Entre os intérpretes de suas canções estão Gal Costa, Maria Bethânia, Clara Nunes, Camisa de Vênus e O Rappa, entre outros.
Em 2019, seu álbum "Besta Fera" foi indicado ao Grammy Latino de Melhor Álbum de MPB e considerado um dos 25 melhores álbuns brasileiros do primeiro semestre de 2019 pela Associação Paulista de Críticos de Arte (APCA).
A APCA também escolheu seu álbum "Coração Bifurcado" como um dos 50 melhores álbuns brasileiros de 2023 e a colaboração "Mascarada: Zé Kéti com o Sérgio Krakopwski", como um dos 50 melhores álbuns de 2024.
segunda-feira, 3 de novembro de 2025
Minha vinilteca (2): Lô Borges...
MINHA VINILTECA
Nesta nova série, vou compartilhar minha pequena vinilteca. São apenas 123 títulos. Um nada diante de colecionadores possuidores de andares inteiros de discos. Mas é a MINHA coleção. Cada um desses vinis tem uma história, um afeto, um porquê. São 75 LPs de artistas brasileiros e 48 de fora do Brasil. Sobre cada um, vou contar coisas como quando e em que contexto os adquiri ou ganhei (se me lembrar e houver anotação), a ficha técnica (se não houver encarte, recorro à internet) e alguma curiosidade, de minhas memórias ou disponíveis em resenhas. Claro que a maioria dessas informações qualquer IA pode lhes dar em segundos (faço uso de alguma, sim, quando não tiver outro meio de pesquisa), mas a minha emoção de quando escolhi o disco na loja, o coloquei no prato e depositei a agulha isso nenhum robô pode reproduzir. E é isso que quero lhes oferecer. As postagens seguem ordem alfabética. Intercalo LPs nacionais e internacionais.

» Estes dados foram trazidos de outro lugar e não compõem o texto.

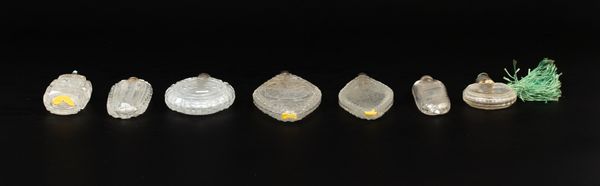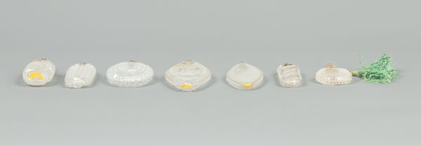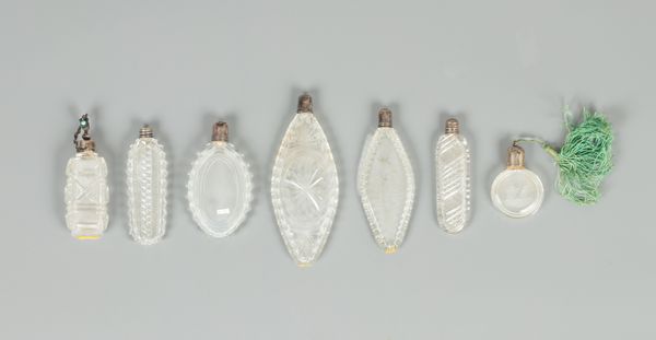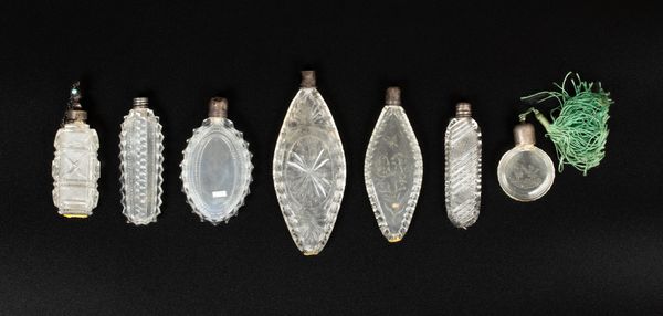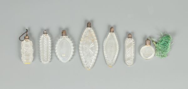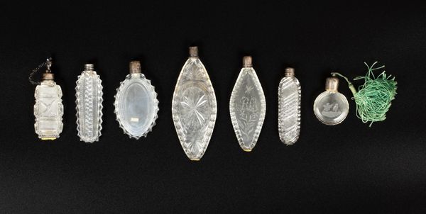 Seven Georgian clear glass flattened perfume bottles, late 18th/early 19th Century, three with notch cutting to sides, one engraved with two small birds, the largest 13.5cm long

Esta postagem homenageia Lô Borges
Salomão Borges Filho, o Lô Borges, parceiro de Clube da Esquina de Milton "Bituca" Nascimento, morreu neste domingo, 02/11/2025, Dia de Finados, aos 73 anos, por "falência múltipla de órgãos", segundo o boletim médico divulgado pelo Hospital Unimed de Belo Horizonte, onde estava internado desde 18 de outubro, com um quadro de intoxicação por medicamentos.
Nesta postagem da série "Minha Vinilteca", fujo da regra que eu mesmo determinei, de intercalar LPs nacionais e internacionais, em ordem alfabética, avançando algumas letras para prestar minha homenagem sentida e dolorida a esse artista mineiro de imensa qualidade e sensibilidade. Falo aqui dos primeiros álbuns do compositor que adquiri: "A Via Láctea" e "Clube da Esquina", este com Milton Nascimento.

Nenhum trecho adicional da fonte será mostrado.